What is rational September 21, 2007Posted by ficial in brain dump, games.
Caveat: this post is the result of game design, market discussion, the late hour, and a midori seltzer. It is no doubt less profound than it seems to me right now, but I expect that even in the cold light of day it’s at least interesting.
Game theory (and economic models based thereon) assume/define that involved agents are rational. This works fairly well for some things, but is hard to apply for others. Specifically, They (of the infamous Them) have to go through all kinds of contortions to attempt explaining things like altruism as any kind of rational.
When difficulties arise they tend to be explained as
– alternate modes of valuation (e.g. the ‘makes you feel good’ metric)
– projected iteration (e.g. in prisoner’s dilemma)
– relative position (e.g. in the money bowl game*)
– people are irrational
I think there’s a much simpler, better explanation. A rational agent usually means one that seeks to maximize its welfare (of the utility of its position, or however you want to describe it). In such a case it’s hard to label an agent that engages in altruistic behavior as rational. However, it makes much more sense if the definition of rational is changed. There are two reasonable alternatives that spring mind. First, rather than maximizing welfare a rational agent might seek to minimize loss. However, I’m not wholly convinced that is actually different, so I’m ignoring it for now.
Second, rather than aiming for maximum welfare a rational agent aims for sufficient welfare, and each agent may put ‘sufficient’ at different levels. I think it more accurately models human agents, at the least. It easily accounts for altruism (at least for simple forms of it – still have to jump through hoops in the case of self-destructive altruism). It handles the prisoner’s dilemma well (strict maximization produces weird, counter-intuitive results for various penalty/reward values). It covers the money bowl game well (some one grabs the bowl when it reaches enough and they can thereby guarantee a sufficient result rather than risking a null result). Finally, it doesn’t resort to the idea that people are irrational when the models don’t match real-world behavior.

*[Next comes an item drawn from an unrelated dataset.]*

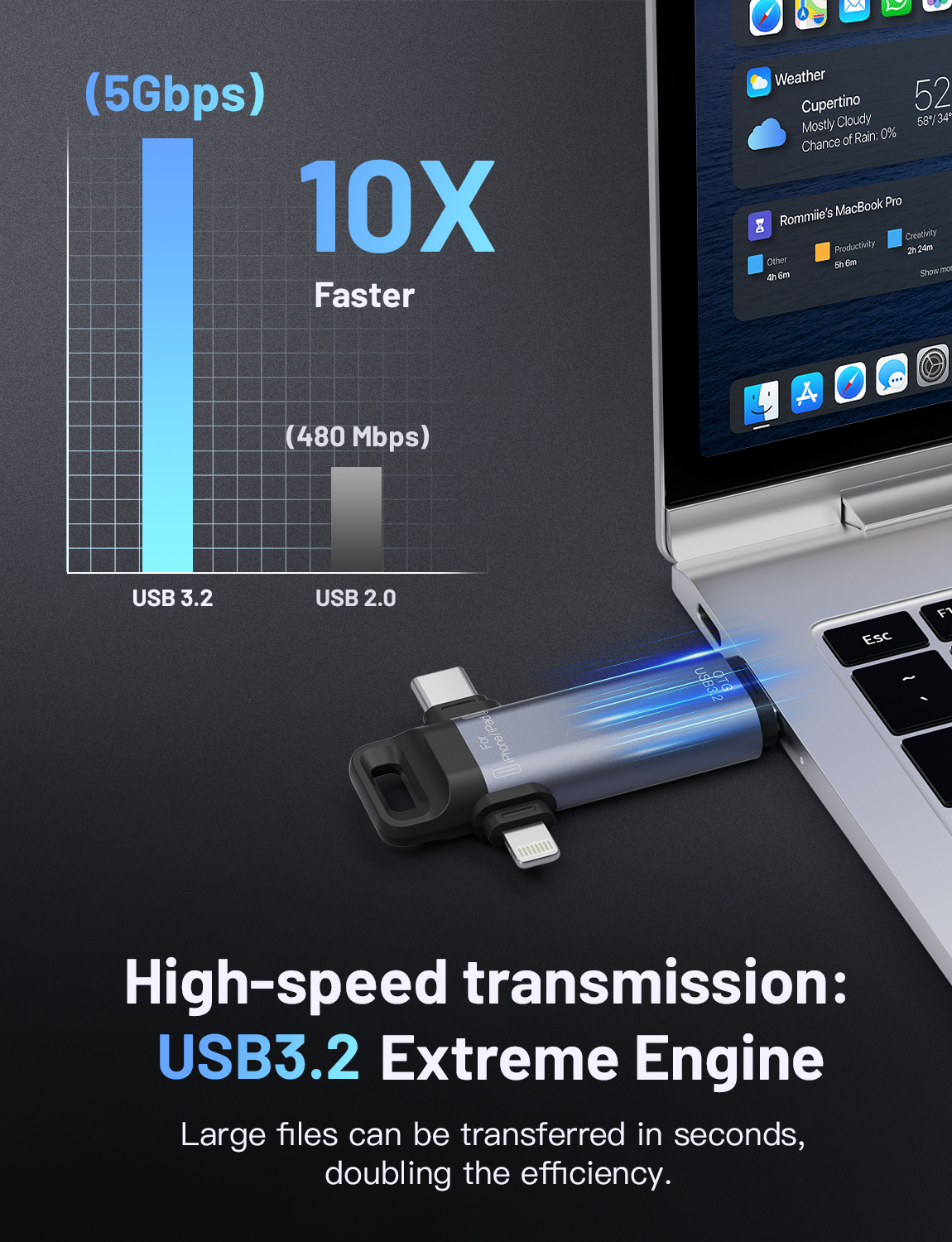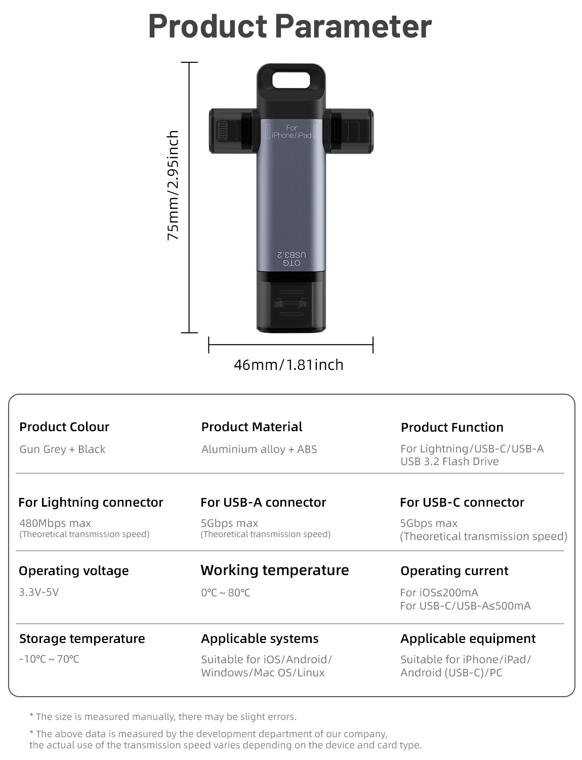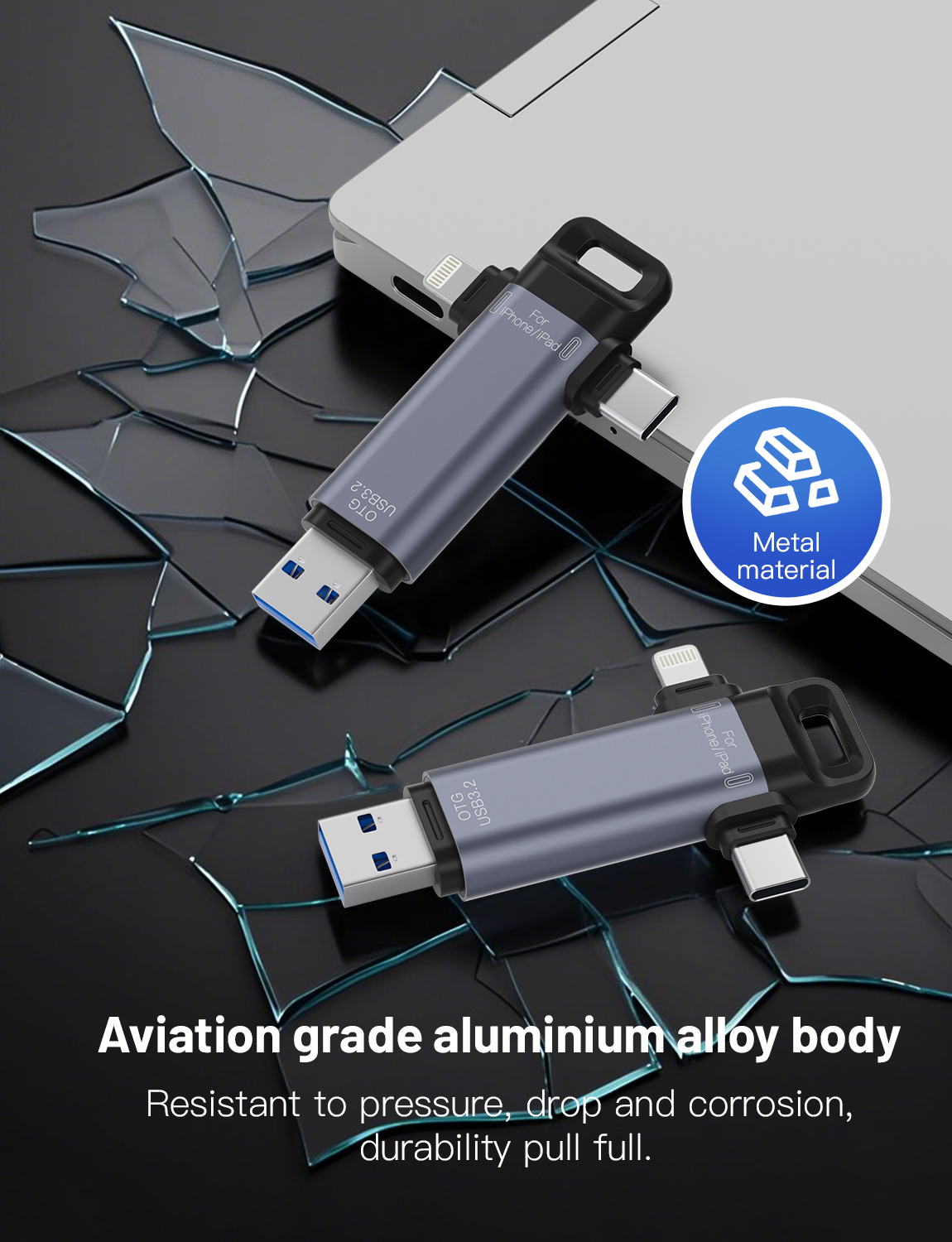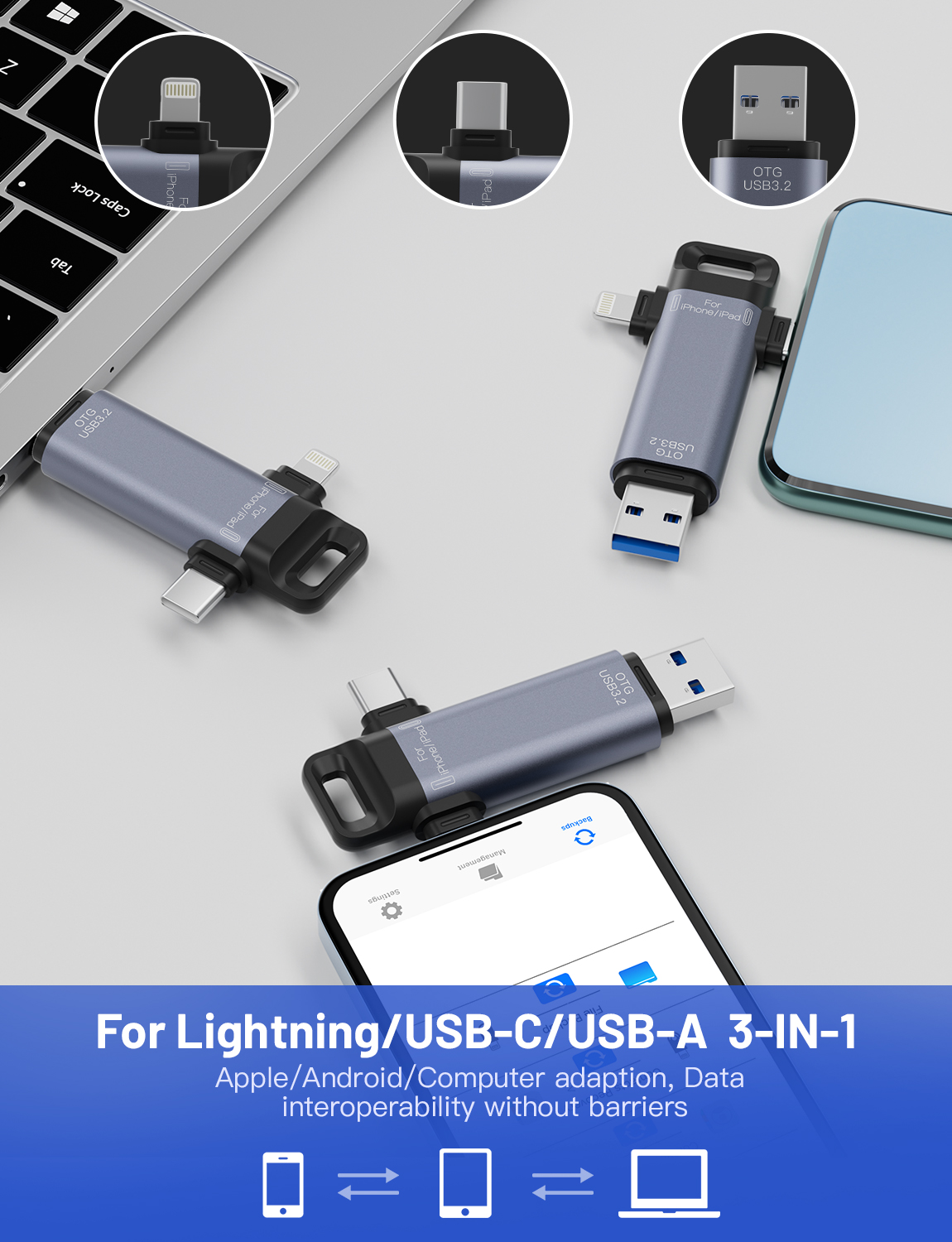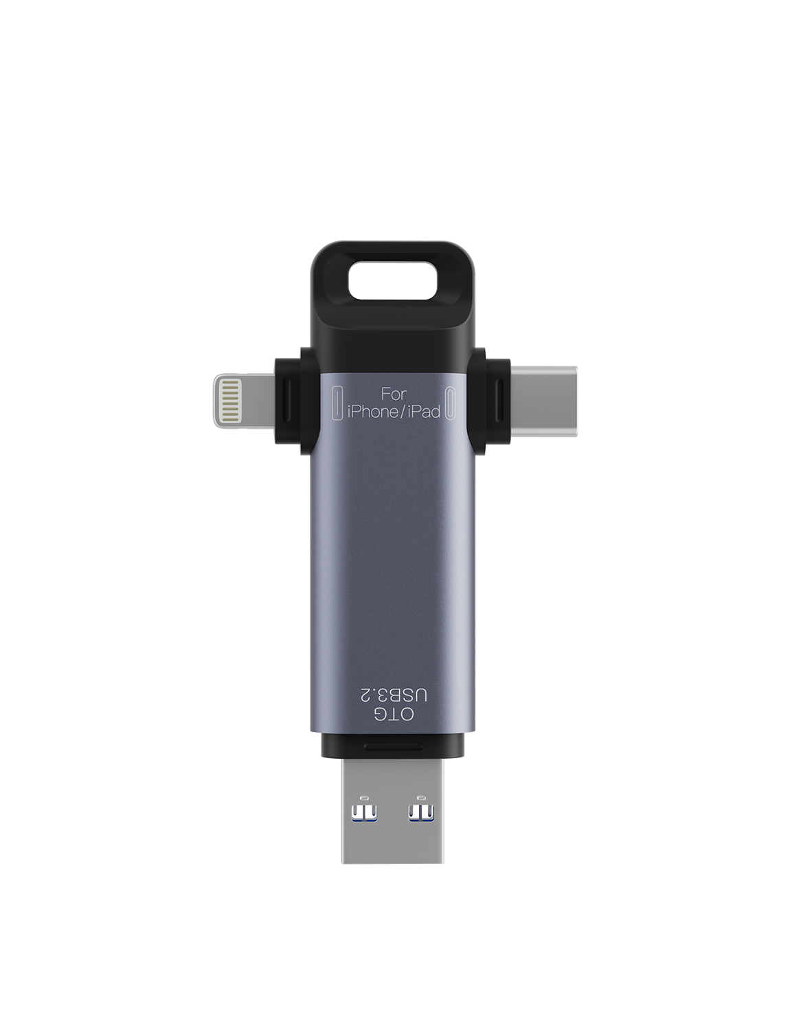 As a professional digital accessories provider, ZOIOT presents this 3-in-1 USB 3.2 flash drive, designed for seamless cross-device data storage and sharing. Featuring Lightning, USB-A 3.2, and USB-C 3.2 triple interfaces, it supports plug-and-play across iOS, Android, Windows, Mac, and Linux systems, delivering high-speed transmission (USB-A/USB-C up to 5Gbps, Lightning up to 480Mbps) to transfer large files in seconds. Crafted from aviation-grade aluminum alloy with a durable ABS build, it resists pressure, drops, and corrosion, while its compact 75mm size ensures easy portability. Ideal for expanding phone/tablet storage and backing up photos, videos, and contacts, it eliminates memory anxiety for Apple and Android users, catering to cross-border e-commerce, wholesale, and corporate procurement needs with reliable performance.

Maximization works OK in some models because they’re so restricted / simple. As complexity increases maximization of multiple axes becomes incomputeable and/or impossible. As such, aiming for maximization in the complicated environment of the real world is unrealistic, perhaps even irrational. As such an economic actor seeking maximization disregards non-monetary axes as a way to simplify the system to the point where a ‘rational’ choice is at least theoretically possible.
However, it is reasonable to aim for given, non-maximum levels on many different axes (it’s still hard with many intertwined axes, but possible). Sufficiency makes real-world problems tractable not by pruning the problem space (dangerous in the real world, where things like the environment, or getting enough sleep, can get chopped out) but by drastically increasing the range of acceptable solutions.
I suspect, though I can’t in anyway back it up, that the widespread conflation of rationality with maximization arose during a time of drastic increase in humanity’s ability to understand and intentionally affect the world, or at least the common perception thereof. I’m guessing late 1800s or early 1900s, in the pre-Einstein era of science.
That’s probably enough rambling for now….
* the money bowl is a simple game, run in real life and as thought experiments. Put a 10 people in a room, with an empty bowl in the center. Explain that you’ll be putting $10 in the bowl once every 30 secs for the next 10 minutes. Anyone can claim the bowl at any time, thus getting all the cash and leaving none for anyone else. However, if the game goes th full 10 minutes and no one has claimed the bowl, then EACH PLAYER gets $200. The game never runs the full 10 minutes – someone always takes the bowl before it’s full. The usual explanation is that the person who takes the bowl is attempting to maximize their relative position, but it gets really complicated to try to apply that explanation when you run multiple instances of the experiment at the same time (or even just say you’re doing so).